REVIEW

Agro-ecological principles in Cuban technologies with legumes for animal production

Principios agroecológicos en tecnologías cubanas con leguminosas para la producción animal

J. Alonso

ABSTRACT

Different ecological principles are analyzed, which should be included on the management and exploitation of Cuban cattle agricultural systems. These systems are characterized by the use of grasses and forages as main basis of their feeding systems. It is important the use of shrubs and creeping legumes in technologies that favor biological diversity, soil restoration and agricultural-animal husbandry integration, as strategy for the development of a more profitable and ecologically stable livestock activity.
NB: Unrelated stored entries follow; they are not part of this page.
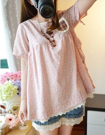 正品2015春夏款貼布甜美森女棉麻圓領高腰寬松碎花短袖娃娃衫上衣 /
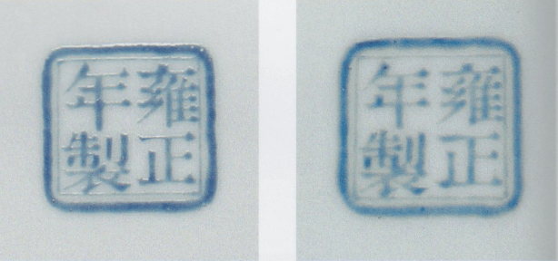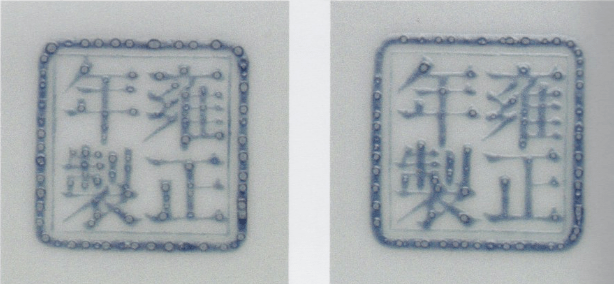 这对碟侈口、浅弧壁、矮圈足。器内平素无纹,釉色略带灰黄。二碟器外璧以蓝色马地,彩绘梅树一株,其上开满白梅。器底带「雍正年制」二行蓝料宋体字双方框款。
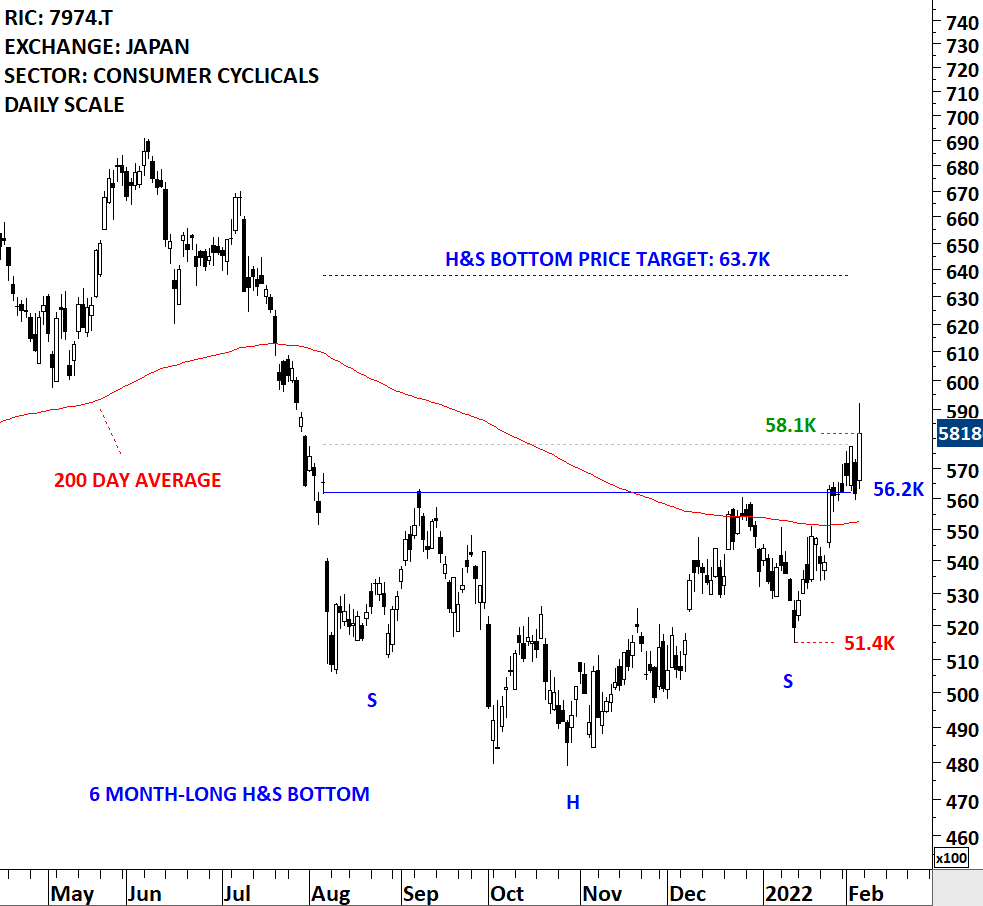 Nintendo Co., Ltd. is mainly engaged in the development, manufacture and sale of entertainment products in home entertainment field. The Company’s main products include game machines such as portable and console game machines and software, as well as trump and Carta (Japanese-style playing cards). The stock is listed on the Tokyo Stock Exchange. Price chart formed a 6 month-long head and shoulder bottom with the horizontal boundary acting as strong resistance at 56,200.00 levels. The horizontal boundary was tested several times over the course of the chart pattern. The daily close above 57,800.00 levels confirmed the breakout from the 6 month-long head and shoulder bottom with the possible chart pattern price target of 63,700.00 levels. (Learn more: Video Tutorial)
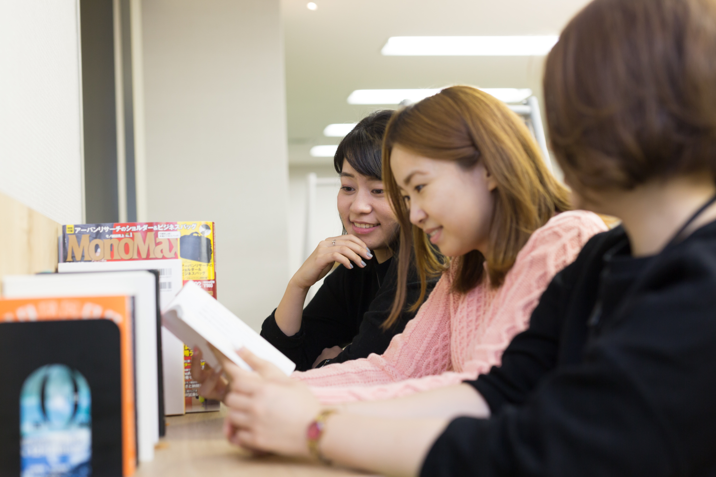 気分転換に本棚を物色している女子社員たち。何の本を読んでいるのでしょうか?
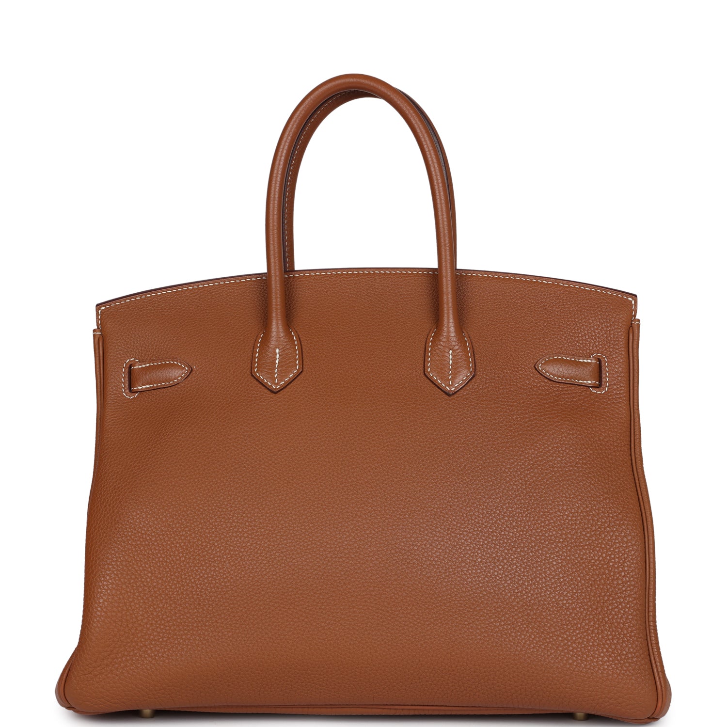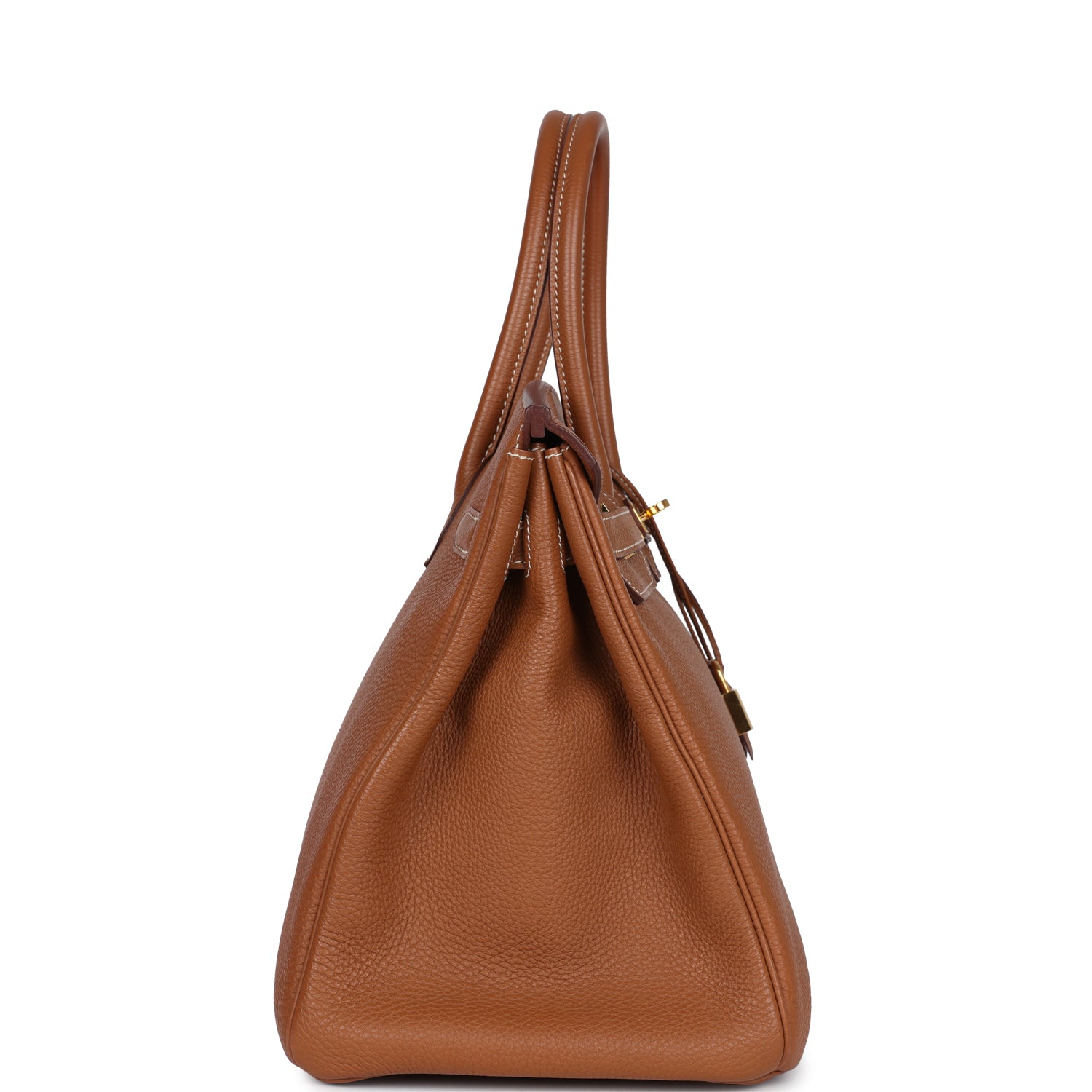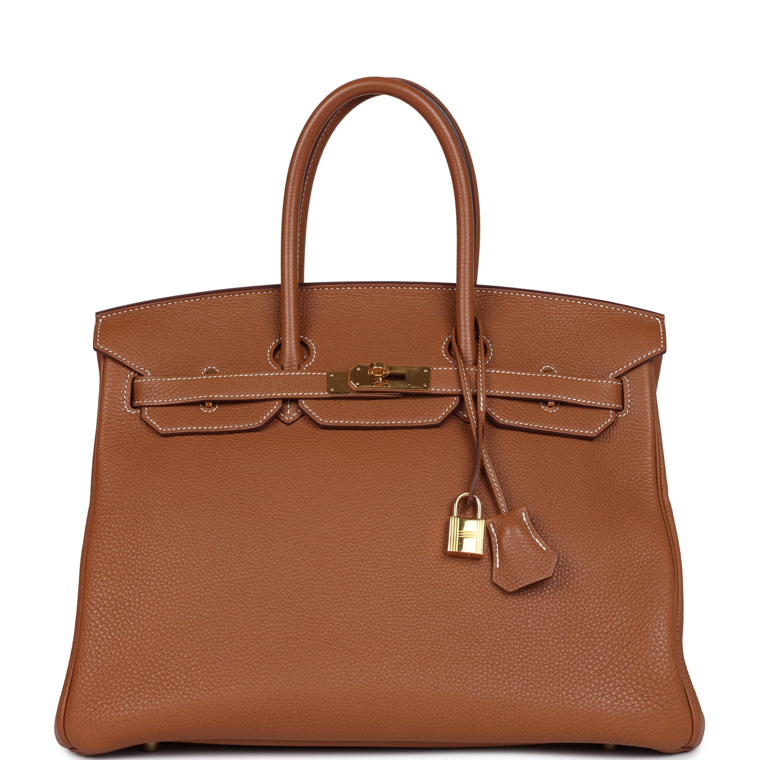 This Birkin is in Gold togo leather with gold hardware and has contrast stitching, two straps with front toggle closure, clochette with lock and two keys and double rolled handles.
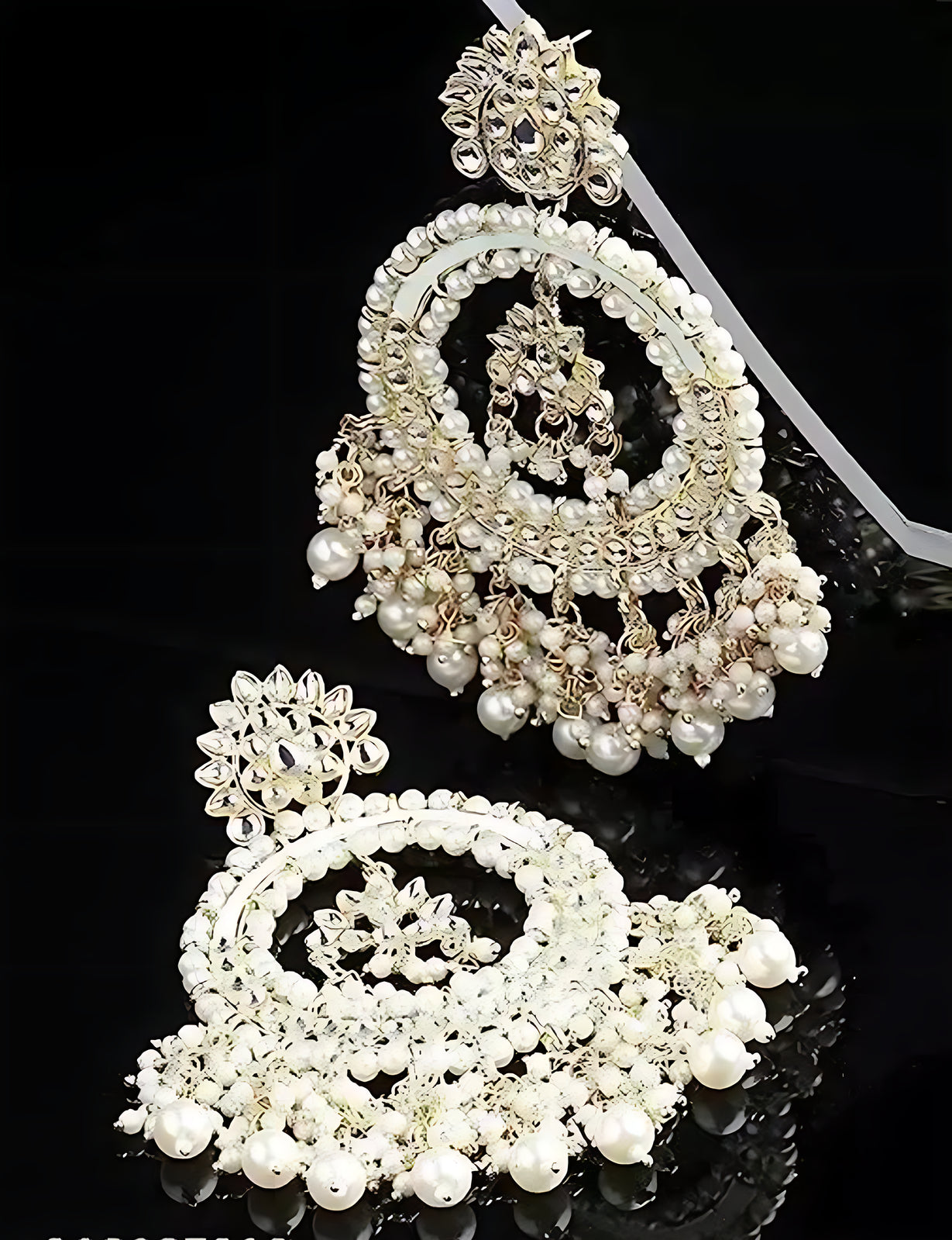 Jewel City Luxurious Pearl Chandelier Earrings - Traditional Indian Kundan Style Statement Jewelry for Wedding & Festive Wear

Finally, an evaluation is carried out to the need of developing animal production systems in tropical areas that visualize the approach to natural systems as a real and practical alternative for persistence, sustainability and environmental regulation of animal husbandry agro-ecosystems.

Key words: agro-ecology, grazing systems, animal production.

RESUMEN

Se analizan algunos principios ecológicos que se deben incorporar en el manejo y explotación de los agroecosistemas ganaderos cubanos, caracterizados por la utilización de los pastos y forrajes como base fundamental en sus sistemas de alimentación. Se destaca la utilización de leguminosas, rastreras y arbustivas,  en tecnologías que favorecen la diversidad biológica, la restauración de suelo y la integración agricultura-ganadería, como estrategia para el desarrollo de una actividad pecuaria más rentable y estable ecológicamente. Se valora la necesidad de desarrollar sistemas de producción animal cercanos a los sistemas naturales, como alternativa práctica y real para la persistencia, sostenibilidad y regulación ambiental de los agroecosistemas ganaderos en el trópico.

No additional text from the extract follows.